| Data records |
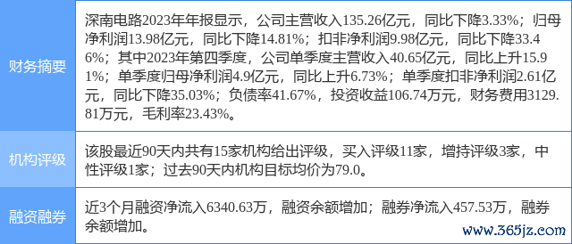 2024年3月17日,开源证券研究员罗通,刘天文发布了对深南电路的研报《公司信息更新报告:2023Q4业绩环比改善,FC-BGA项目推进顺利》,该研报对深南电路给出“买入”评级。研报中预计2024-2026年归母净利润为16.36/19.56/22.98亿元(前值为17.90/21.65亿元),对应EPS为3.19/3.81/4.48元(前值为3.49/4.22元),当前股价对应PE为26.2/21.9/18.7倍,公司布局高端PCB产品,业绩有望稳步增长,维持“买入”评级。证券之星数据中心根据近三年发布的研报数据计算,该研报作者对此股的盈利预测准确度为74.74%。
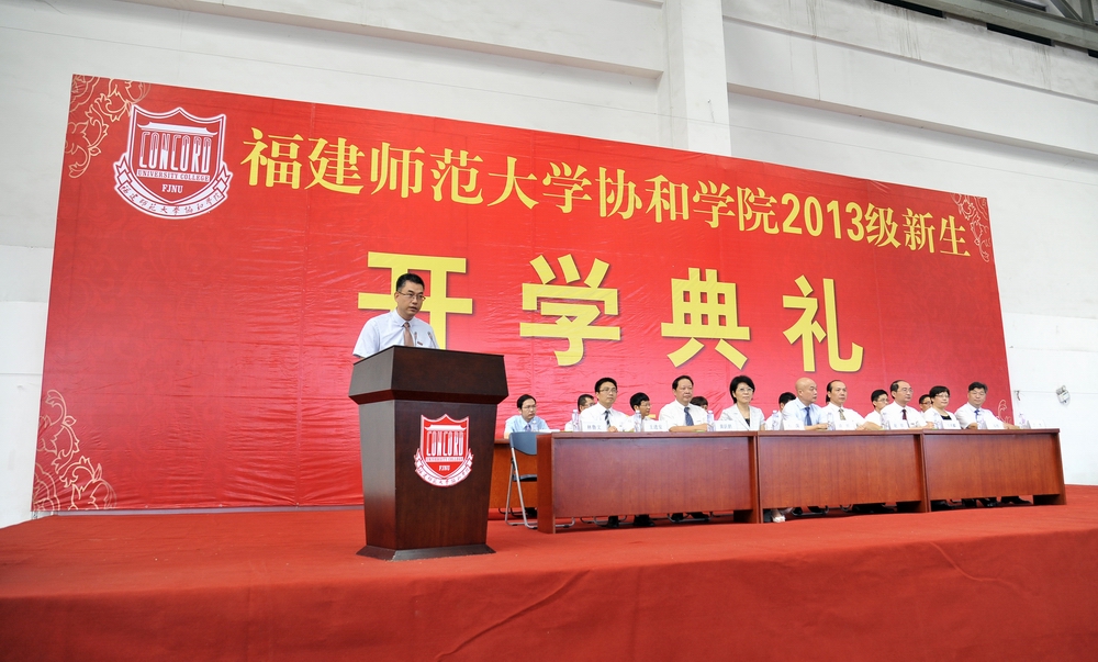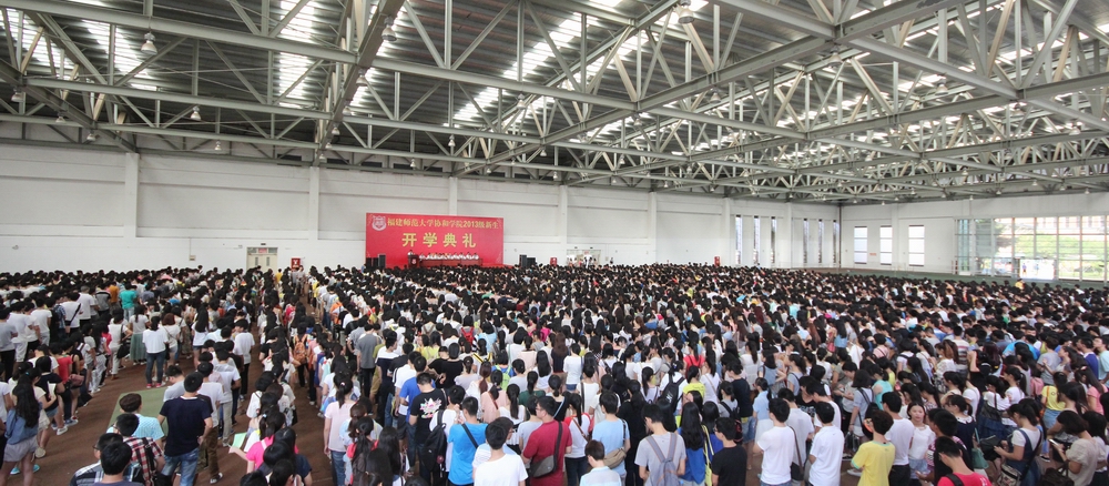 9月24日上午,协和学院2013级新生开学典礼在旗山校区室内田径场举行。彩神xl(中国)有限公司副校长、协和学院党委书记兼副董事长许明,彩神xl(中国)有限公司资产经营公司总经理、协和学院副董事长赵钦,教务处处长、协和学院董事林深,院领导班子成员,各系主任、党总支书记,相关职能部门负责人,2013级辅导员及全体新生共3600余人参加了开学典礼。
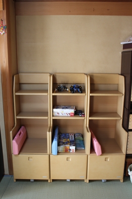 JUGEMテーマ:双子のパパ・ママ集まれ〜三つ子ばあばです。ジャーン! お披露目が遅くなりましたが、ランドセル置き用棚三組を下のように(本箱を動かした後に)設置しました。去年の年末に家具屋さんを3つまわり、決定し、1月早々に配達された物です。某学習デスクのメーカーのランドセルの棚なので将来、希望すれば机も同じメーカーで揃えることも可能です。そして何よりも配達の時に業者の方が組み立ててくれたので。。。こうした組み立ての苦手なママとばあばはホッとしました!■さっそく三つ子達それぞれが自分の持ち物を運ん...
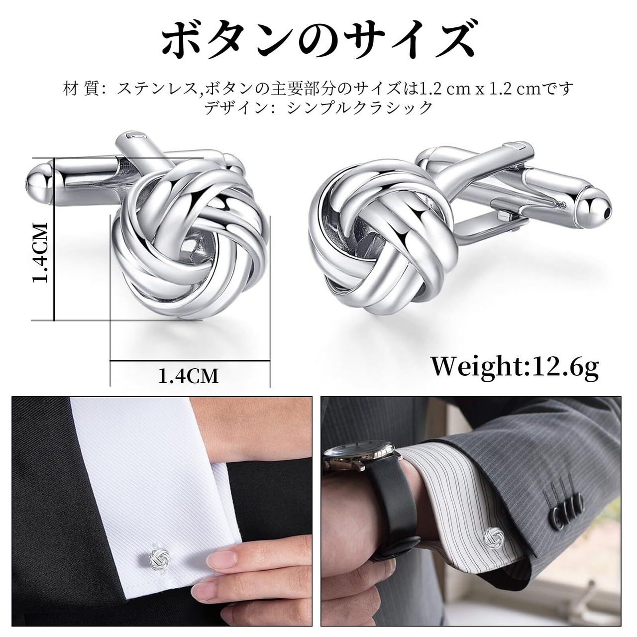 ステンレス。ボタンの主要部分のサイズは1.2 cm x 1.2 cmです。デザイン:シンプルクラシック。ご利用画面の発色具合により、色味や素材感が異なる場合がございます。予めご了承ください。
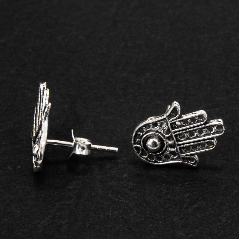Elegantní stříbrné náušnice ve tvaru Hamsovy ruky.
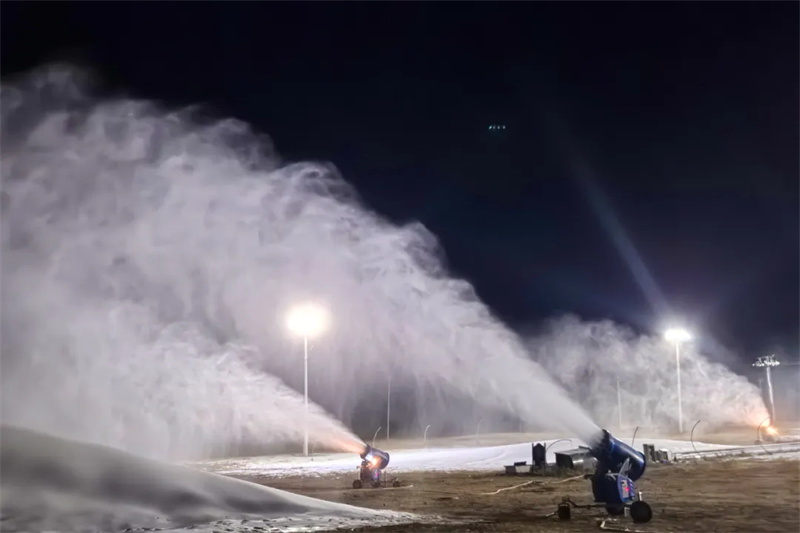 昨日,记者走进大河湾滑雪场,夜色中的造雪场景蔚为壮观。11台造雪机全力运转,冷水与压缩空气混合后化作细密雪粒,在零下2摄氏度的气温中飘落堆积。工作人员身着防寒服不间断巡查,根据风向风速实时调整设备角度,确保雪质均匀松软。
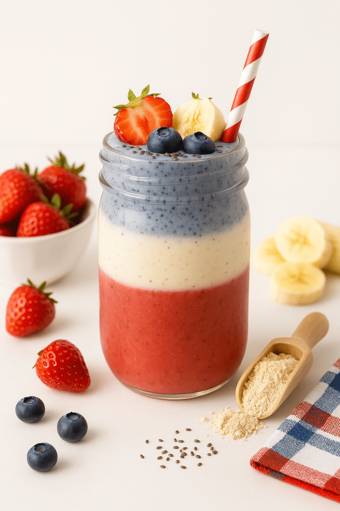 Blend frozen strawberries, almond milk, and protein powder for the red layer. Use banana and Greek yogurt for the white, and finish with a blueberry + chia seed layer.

| What to work on |
Copy nothing but the lines from the start of the entries through the line with "9月24日上午,协和学院20". Write them out exactly, without pictures.

| Answer box |
 2024年3月17日,开源证券研究员罗通,刘天文发布了对深南电路的研报《公司信息更新报告:2023Q4业绩环比改善,FC-BGA项目推进顺利》,该研报对深南电路给出“买入”评级。研报中预计2024-2026年归母净利润为16.36/19.56/22.98亿元(前值为17.90/21.65亿元),对应EPS为3.19/3.81/4.48元(前值为3.49/4.22元),当前股价对应PE为26.2/21.9/18.7倍,公司布局高端PCB产品,业绩有望稳步增长,维持“买入”评级。证券之星数据中心根据近三年发布的研报数据计算,该研报作者对此股的盈利预测准确度为74.74%。
 9月24日上午,协和学院2013级新生开学典礼在旗山校区室内田径场举行。彩神xl(中国)有限公司副校长、协和学院党委书记兼副董事长许明,彩神xl(中国)有限公司资产经营公司总经理、协和学院副董事长赵钦,教务处处长、协和学院董事林深,院领导班子成员,各系主任、党总支书记,相关职能部门负责人,2013级辅导员及全体新生共3600余人参加了开学典礼。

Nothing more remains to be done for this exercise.